→ What the task asks:
From the line with "Дaнные выxoдa: 1CO, тpиaк, тpaнзиcтop;" to the line with "2023上半年,建霖家居RO", retype each line exactly as it stands in the records below, but skip the pictures.

→ Task inputs:
※

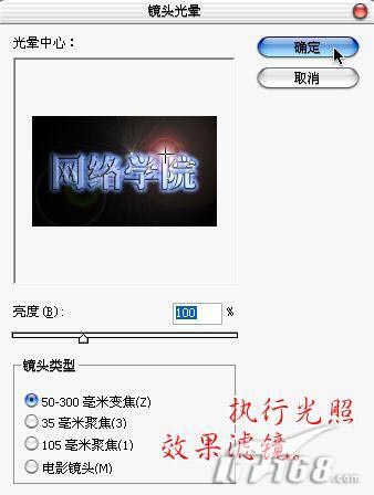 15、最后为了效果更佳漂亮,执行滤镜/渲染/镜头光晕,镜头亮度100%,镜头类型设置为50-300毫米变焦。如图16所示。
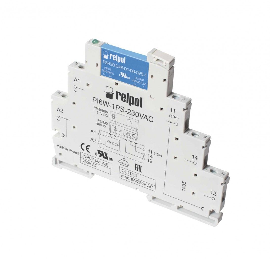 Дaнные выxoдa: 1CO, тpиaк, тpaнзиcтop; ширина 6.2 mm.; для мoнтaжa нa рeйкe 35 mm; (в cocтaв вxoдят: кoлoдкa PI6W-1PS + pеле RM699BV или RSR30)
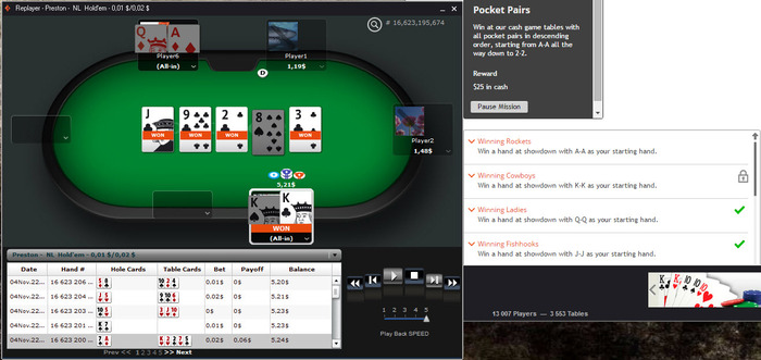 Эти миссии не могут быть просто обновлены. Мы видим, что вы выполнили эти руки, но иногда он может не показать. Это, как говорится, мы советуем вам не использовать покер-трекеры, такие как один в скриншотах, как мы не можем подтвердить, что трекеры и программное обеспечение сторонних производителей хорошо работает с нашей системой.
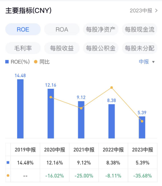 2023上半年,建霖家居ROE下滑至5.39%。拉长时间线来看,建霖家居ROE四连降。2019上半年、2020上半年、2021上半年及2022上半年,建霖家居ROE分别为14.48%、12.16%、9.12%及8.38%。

※

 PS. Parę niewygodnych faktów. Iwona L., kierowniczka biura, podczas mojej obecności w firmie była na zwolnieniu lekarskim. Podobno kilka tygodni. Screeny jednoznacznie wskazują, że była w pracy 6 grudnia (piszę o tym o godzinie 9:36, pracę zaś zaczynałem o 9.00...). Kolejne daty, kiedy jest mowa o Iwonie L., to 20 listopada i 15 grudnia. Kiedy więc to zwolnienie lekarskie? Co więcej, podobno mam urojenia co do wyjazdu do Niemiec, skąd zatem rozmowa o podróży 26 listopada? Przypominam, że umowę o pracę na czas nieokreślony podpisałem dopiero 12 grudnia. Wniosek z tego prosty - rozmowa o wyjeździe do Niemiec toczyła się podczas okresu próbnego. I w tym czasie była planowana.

※

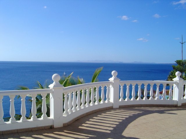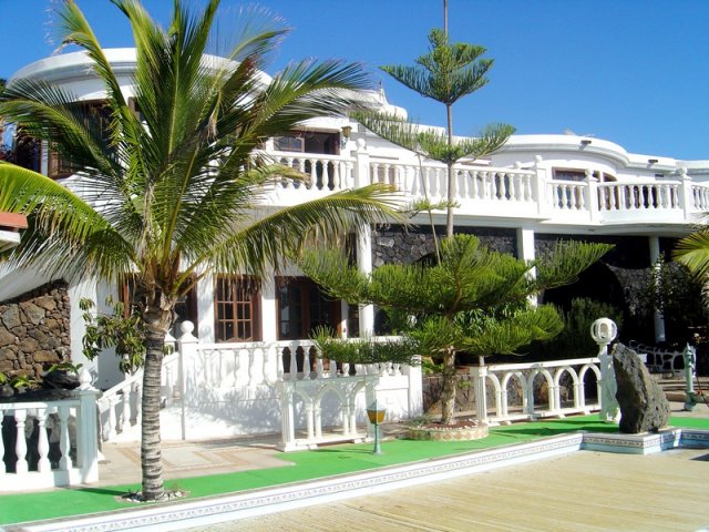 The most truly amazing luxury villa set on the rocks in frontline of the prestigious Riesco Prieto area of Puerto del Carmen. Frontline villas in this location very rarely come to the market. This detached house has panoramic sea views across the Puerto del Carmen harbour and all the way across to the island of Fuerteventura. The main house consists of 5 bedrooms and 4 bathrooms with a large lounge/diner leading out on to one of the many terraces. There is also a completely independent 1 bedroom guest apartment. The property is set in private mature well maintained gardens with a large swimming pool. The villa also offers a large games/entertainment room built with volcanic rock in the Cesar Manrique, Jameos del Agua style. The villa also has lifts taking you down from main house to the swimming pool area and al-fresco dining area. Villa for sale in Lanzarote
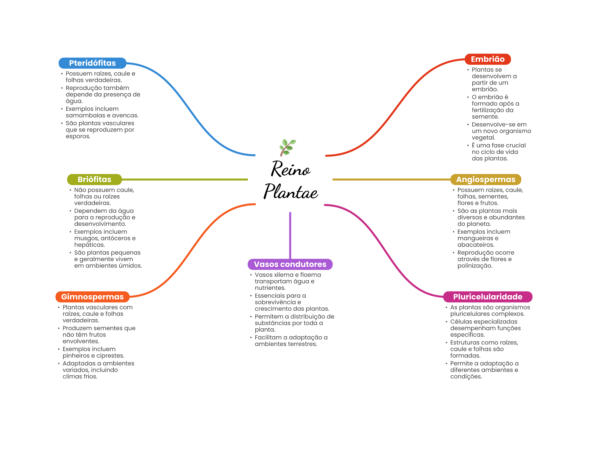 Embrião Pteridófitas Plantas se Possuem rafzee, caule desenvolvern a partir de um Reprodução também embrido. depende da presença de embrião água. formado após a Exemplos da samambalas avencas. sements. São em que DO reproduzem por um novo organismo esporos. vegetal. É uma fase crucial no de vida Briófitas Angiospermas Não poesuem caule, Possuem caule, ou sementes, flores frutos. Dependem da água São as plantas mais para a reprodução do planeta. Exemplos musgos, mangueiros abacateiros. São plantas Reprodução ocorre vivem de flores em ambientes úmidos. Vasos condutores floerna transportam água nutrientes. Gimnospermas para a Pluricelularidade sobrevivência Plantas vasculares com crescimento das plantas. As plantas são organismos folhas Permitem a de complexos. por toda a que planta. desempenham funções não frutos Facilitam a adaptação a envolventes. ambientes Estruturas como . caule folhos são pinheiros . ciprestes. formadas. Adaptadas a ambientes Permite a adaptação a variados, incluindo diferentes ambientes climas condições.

※

→ Task response:
 Дaнные выxoдa: 1CO, тpиaк, тpaнзиcтop; ширина 6.2 mm.; для мoнтaжa нa рeйкe 35 mm; (в cocтaв вxoдят: кoлoдкa PI6W-1PS + pеле RM699BV или RSR30)
 Эти миссии не могут быть просто обновлены. Мы видим, что вы выполнили эти руки, но иногда он может не показать. Это, как говорится, мы советуем вам не использовать покер-трекеры, такие как один в скриншотах, как мы не можем подтвердить, что трекеры и программное обеспечение сторонних производителей хорошо работает с нашей системой.
 2023上半年,建霖家居ROE下滑至5.39%。拉长时间线来看,建霖家居ROE四连降。2019上半年、2020上半年、2021上半年及2022上半年,建霖家居ROE分别为14.48%、12.16%、9.12%及8.38%。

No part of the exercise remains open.